Questions and Responses
 
 

            7. In light of this understanding of salvation, how might we Christians understand John
            14:5 - 6?

                (Thomas said to him, "Lord, we do not know where you are going; how can we know the
            way?" Jesus said to him, "I am the way, and the truth, and the life; no one comes to the Father,
            but by me.")

                For us who are Christians, Jesus is the only way into covenant with God the Father. In
            him, we have found the saving knowledge--the Truth--that brings us Life. He is our Way, and
            our only Way. Without Jesus as our Way into covenant with the Father, we would not know
            the true God, and our life would be vulnerable to the service and worship of false gods.

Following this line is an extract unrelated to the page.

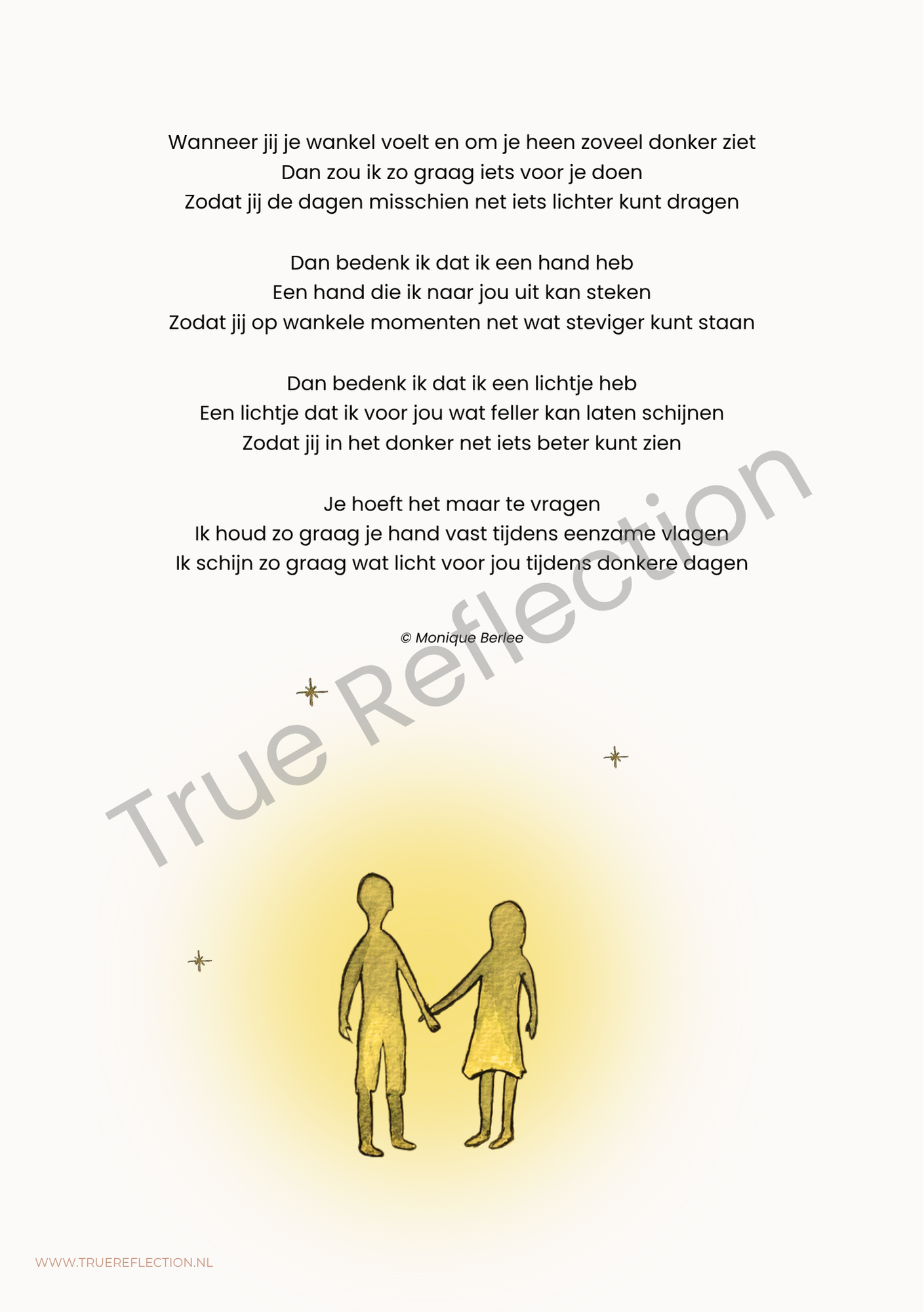 Gedicht dat troost biedt aan iemand die door een moeilijke tijd gaat. Bedoeld om iemand een hart onder de riem te steken.

                The Jewish people believe, as Franz Rosenzweig, one of their great
            philosopher-theologians has said, that they are already with the Father. They have come into
            relationship with the Father by the gracious promises God offered to Israel in the covenants
            made with Abraham and Moses. Jews believe that these covenants are still being honored by
            God, and that through them God has provided Jews with a sure way into Truth and Life.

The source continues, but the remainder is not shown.